WHAT IS REQUIRED — Please copy exactly the part of the records below that opens with the line containing "The EnDat block" and closes with the line containing "Para acceder a", leaving out any pictures.

Data extracted from a collection:
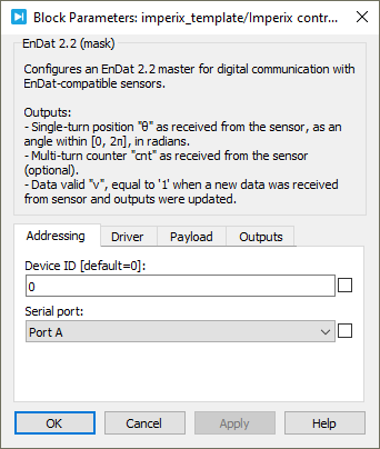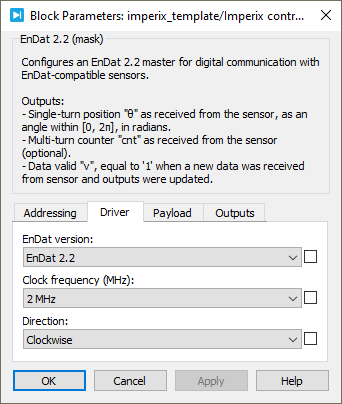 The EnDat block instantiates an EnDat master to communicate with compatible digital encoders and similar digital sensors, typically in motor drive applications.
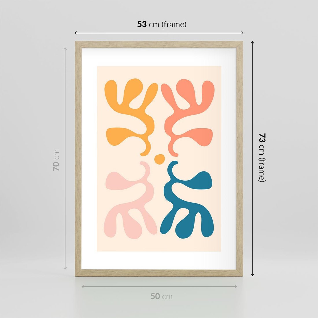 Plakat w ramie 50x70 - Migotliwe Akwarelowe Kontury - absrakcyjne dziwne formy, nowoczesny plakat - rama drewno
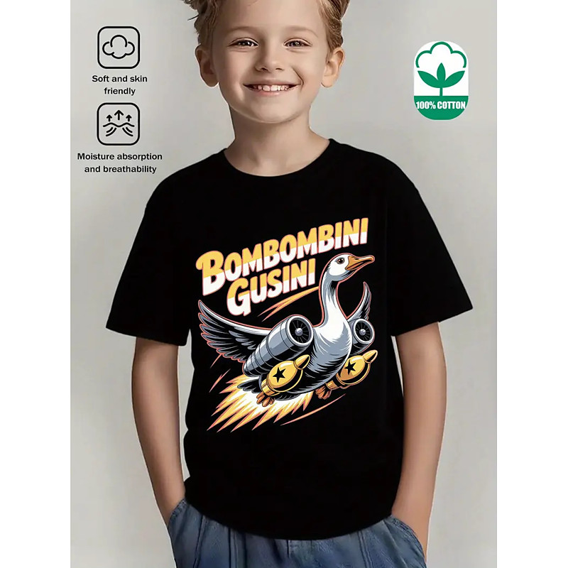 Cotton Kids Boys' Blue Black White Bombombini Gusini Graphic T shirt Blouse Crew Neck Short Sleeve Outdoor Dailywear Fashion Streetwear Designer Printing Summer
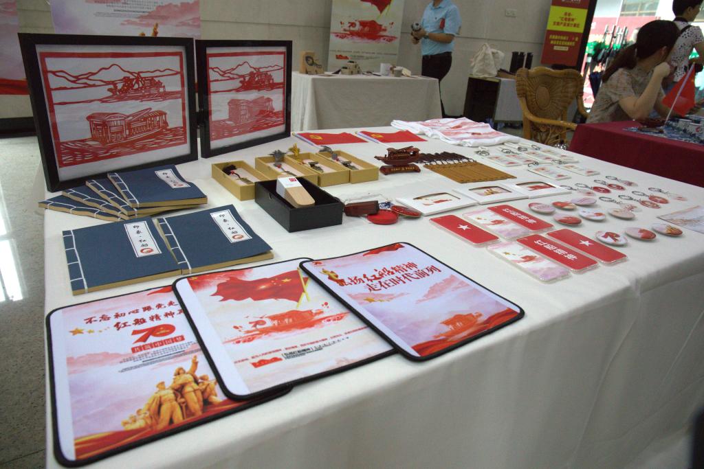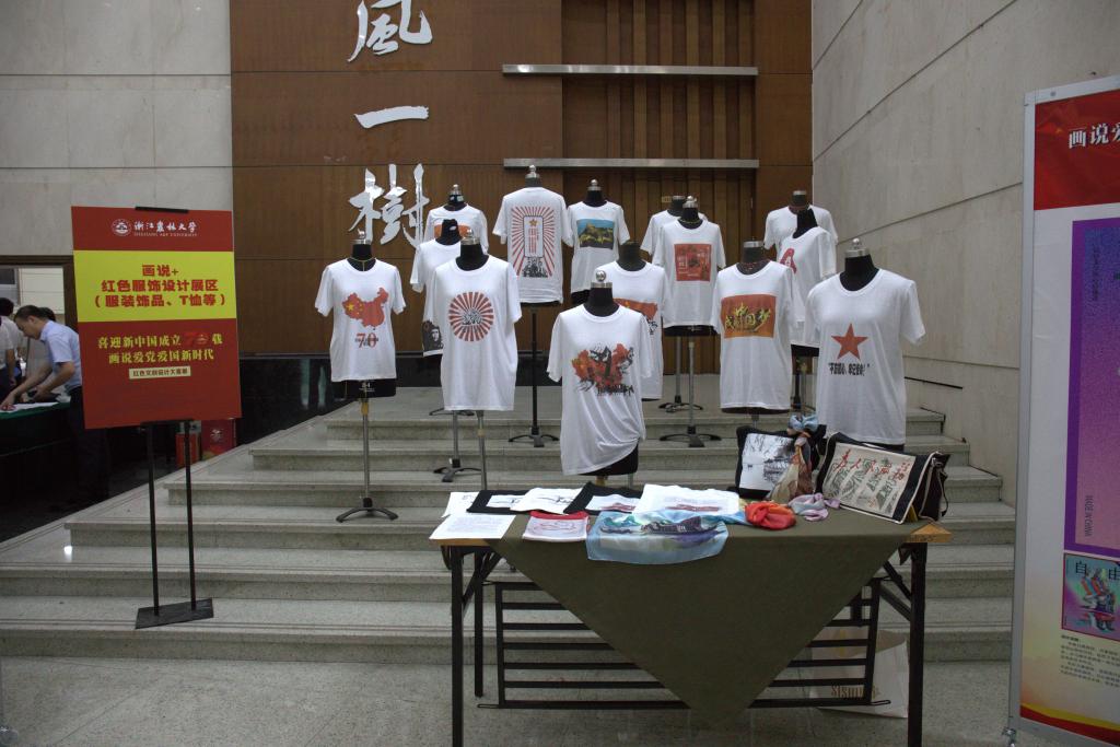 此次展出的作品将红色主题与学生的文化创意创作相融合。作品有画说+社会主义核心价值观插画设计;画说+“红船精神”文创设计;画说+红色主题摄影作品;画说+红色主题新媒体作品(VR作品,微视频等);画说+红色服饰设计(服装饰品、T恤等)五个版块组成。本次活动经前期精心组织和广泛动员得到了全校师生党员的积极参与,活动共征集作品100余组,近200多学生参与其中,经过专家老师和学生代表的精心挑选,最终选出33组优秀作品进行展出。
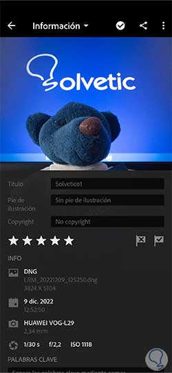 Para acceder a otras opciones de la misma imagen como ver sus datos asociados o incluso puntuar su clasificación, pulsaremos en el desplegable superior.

==

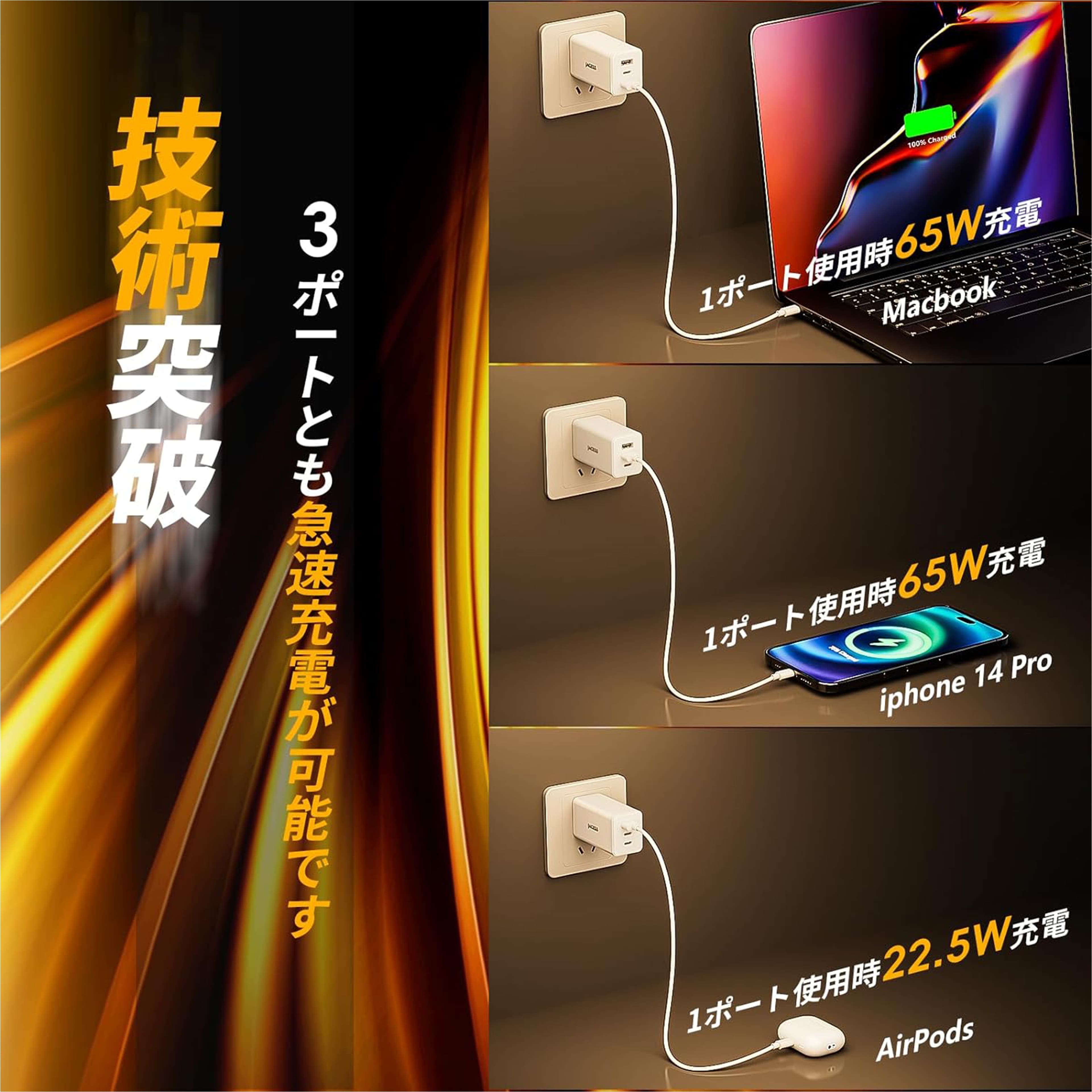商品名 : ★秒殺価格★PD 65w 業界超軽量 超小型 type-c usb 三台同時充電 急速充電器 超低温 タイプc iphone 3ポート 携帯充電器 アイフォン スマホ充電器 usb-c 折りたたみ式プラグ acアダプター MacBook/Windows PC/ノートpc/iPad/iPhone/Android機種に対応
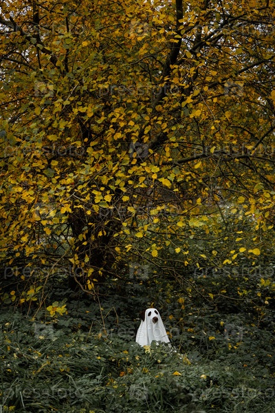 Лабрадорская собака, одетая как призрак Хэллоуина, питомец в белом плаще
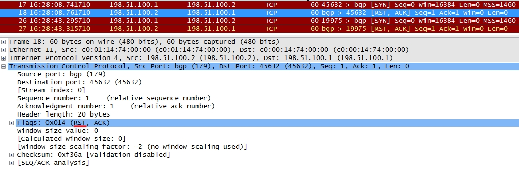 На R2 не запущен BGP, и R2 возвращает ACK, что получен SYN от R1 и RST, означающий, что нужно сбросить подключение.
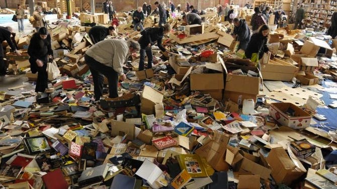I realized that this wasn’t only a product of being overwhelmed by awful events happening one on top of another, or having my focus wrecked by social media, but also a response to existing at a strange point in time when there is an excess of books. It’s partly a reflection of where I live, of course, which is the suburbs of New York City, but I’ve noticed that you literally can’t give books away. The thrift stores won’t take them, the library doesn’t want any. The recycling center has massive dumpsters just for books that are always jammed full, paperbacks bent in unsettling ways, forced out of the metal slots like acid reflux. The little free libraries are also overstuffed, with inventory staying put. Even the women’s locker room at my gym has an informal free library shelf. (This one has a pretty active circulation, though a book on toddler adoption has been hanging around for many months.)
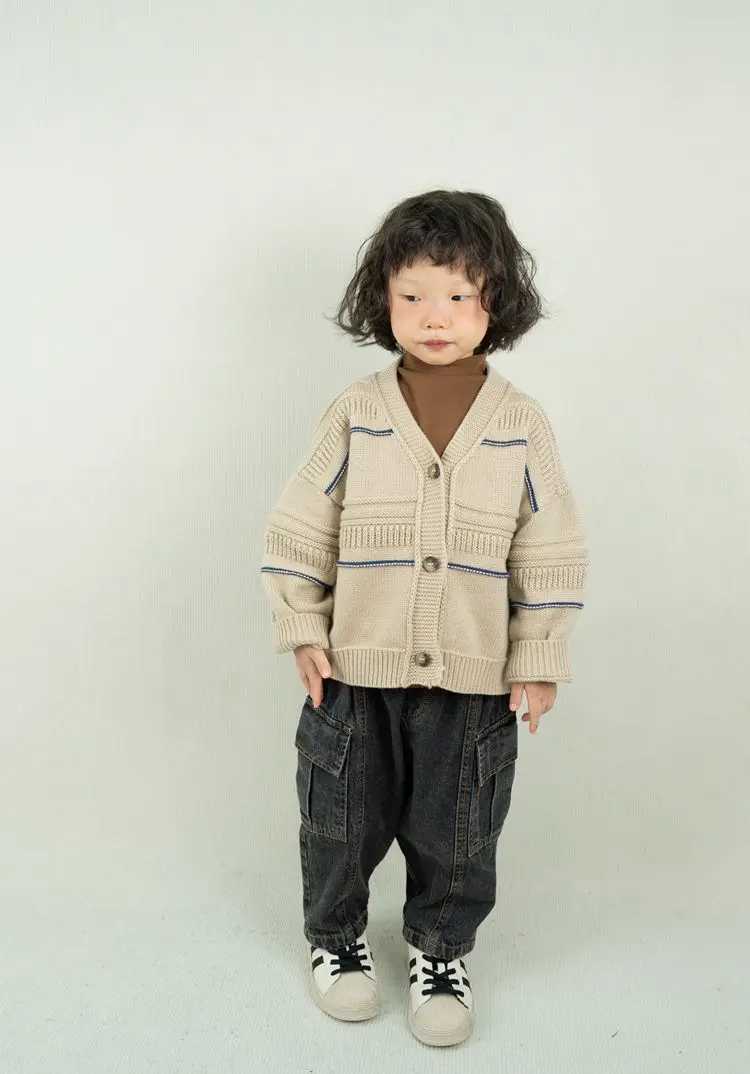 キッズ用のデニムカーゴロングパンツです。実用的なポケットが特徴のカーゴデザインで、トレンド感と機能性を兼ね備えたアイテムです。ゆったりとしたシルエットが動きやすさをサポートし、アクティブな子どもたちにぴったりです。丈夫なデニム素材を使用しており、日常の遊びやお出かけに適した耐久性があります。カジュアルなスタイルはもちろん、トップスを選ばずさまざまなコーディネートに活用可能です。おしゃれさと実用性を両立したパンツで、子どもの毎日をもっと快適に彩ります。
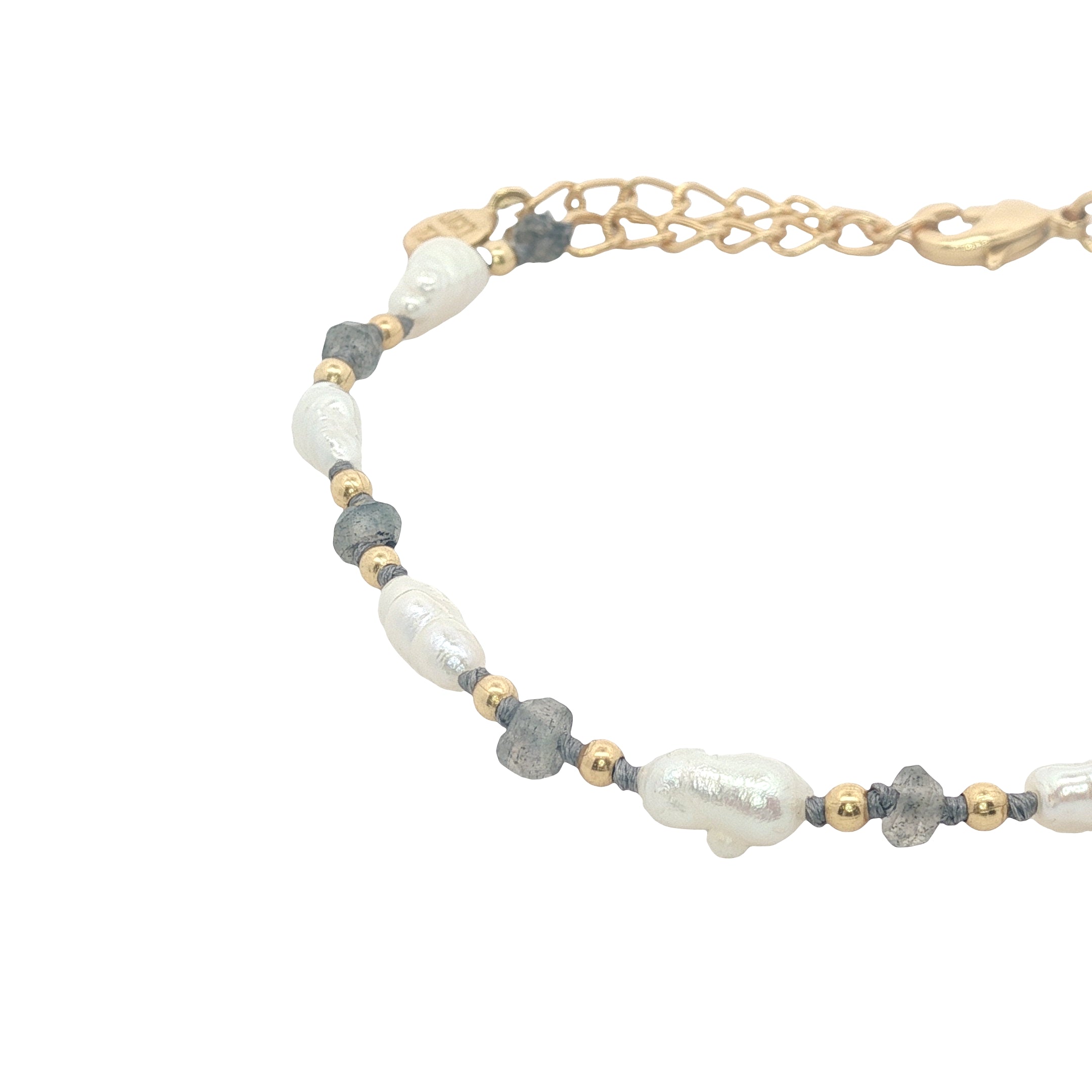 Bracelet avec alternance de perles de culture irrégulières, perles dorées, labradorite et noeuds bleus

EXERCISE RESULT —
 The EnDat block instantiates an EnDat master to communicate with compatible digital encoders and similar digital sensors, typically in motor drive applications.
 Plakat w ramie 50x70 - Migotliwe Akwarelowe Kontury - absrakcyjne dziwne formy, nowoczesny plakat - rama drewno
 Cotton Kids Boys' Blue Black White Bombombini Gusini Graphic T shirt Blouse Crew Neck Short Sleeve Outdoor Dailywear Fashion Streetwear Designer Printing Summer
 此次展出的作品将红色主题与学生的文化创意创作相融合。作品有画说+社会主义核心价值观插画设计;画说+“红船精神”文创设计;画说+红色主题摄影作品;画说+红色主题新媒体作品(VR作品,微视频等);画说+红色服饰设计(服装饰品、T恤等)五个版块组成。本次活动经前期精心组织和广泛动员得到了全校师生党员的积极参与,活动共征集作品100余组,近200多学生参与其中,经过专家老师和学生代表的精心挑选,最终选出33组优秀作品进行展出。
 Para acceder a otras opciones de la misma imagen como ver sus datos asociados o incluso puntuar su clasificación, pulsaremos en el desplegable superior.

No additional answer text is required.